2008-12-03 Thread Manuel Metz
Alan G Isaac wrote:
 If I know my data is already clean
 and is handled nicely by the
 old loadtxt, will I be able to turn
 off and the special handling in
 order to retain the old load speed?
 
 Alan Isaac
 

Hi all,
  that's going in the same direction I was thinking about.
When I thought about an improved version of loadtxt, I wished it was
fault tolerant without loosing too much performance.
  So my solution was much simpler than the very nice genloadtxt function
-- and it works for me.

My ansatz is to leave the existing loadtxt function unchanged. I only
replaced the default converter calls by a fault tolerant converter
class. I attached a patch against io.py in numpy 1.2.1

The nice thing is that it not only handles missing values, but for
example also columns/fields with non-number characters. It just returns
nan in these cases. This is of practical importance for many datafiles
of astronomical catalogues, for example the Hipparcos catalogue data.
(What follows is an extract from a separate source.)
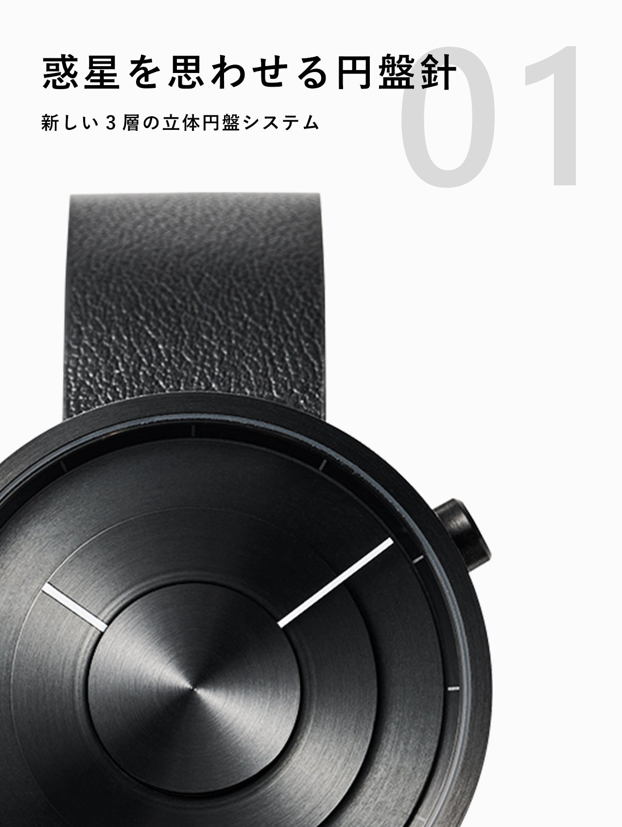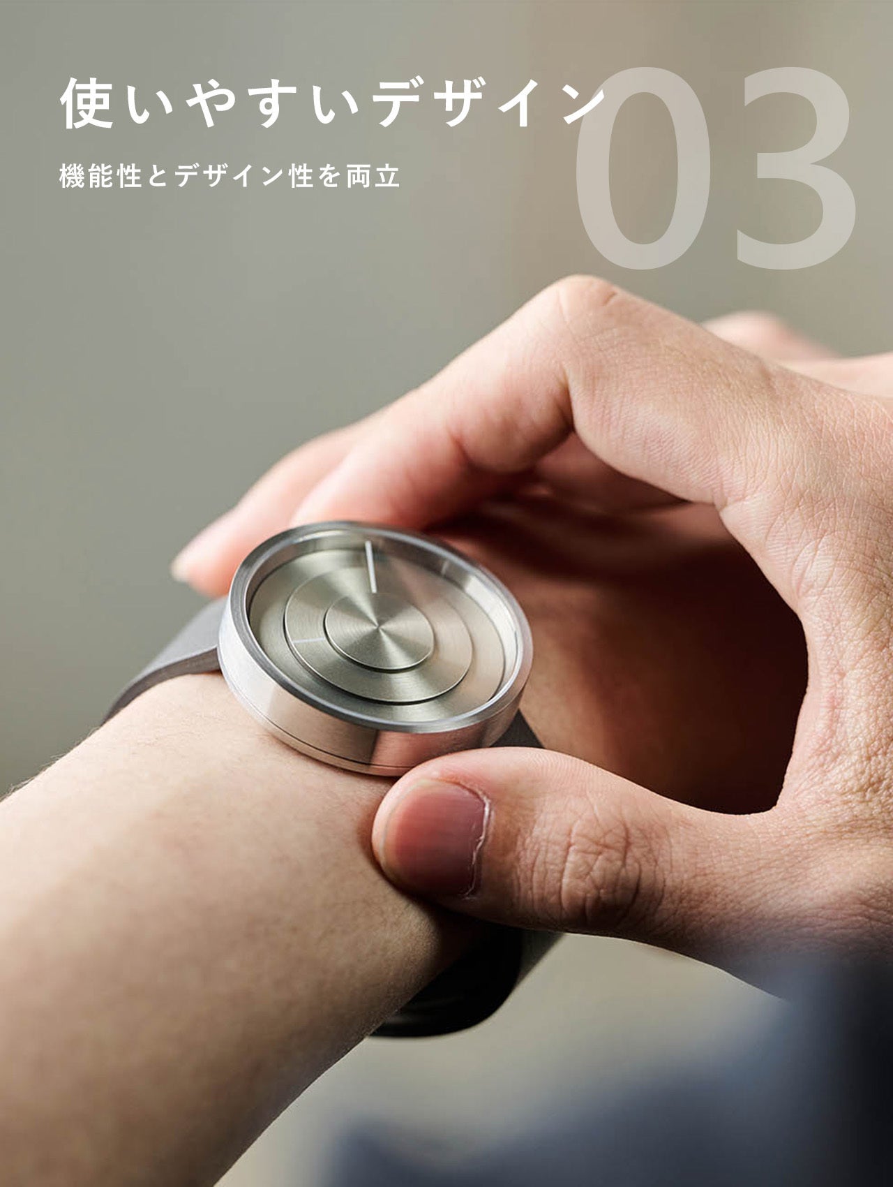 特徴的な円盤システムの腕時計でありながら、一般的な時計と同じ読み方ができる利便性を確保しました。

Regarding the performance, it is a little bit slower than the original
loadtxt, but not much: on my machine, 10x reading in a clean testfile
with 3 columns and 2 rows I get the following results:

original loadtxt:  ~1.3s
modified loadtxt:  ~1.7s
new genloadtxt  :  ~2.7s

So you see, there is some loss of performance, but not as much as with
the new converter class.

I hope this solution is of interest ...

Manuel
237a238,247
 class _faultsaveconv(object):
 def __init__(self,conv):
 self._conv = conv
 
 def __call__(self, x):
 try:
 return self._conv(x)
 except:
 return np.nan
 
241c251
 return lambda x: bool(int(x))
---
 return _faultsaveconv(lambda x: bool(int(x)))
243c253
 return lambda x: int(float(x))
---
 return _faultsaveconv(lambda x: int(float(x)))
245c255
 return float
---
 return _faultsaveconv(float)
247c257
 return complex
---
 return _faultsaveconv(complex)
249c259
 return str
---
 return _faultsaveconv(str)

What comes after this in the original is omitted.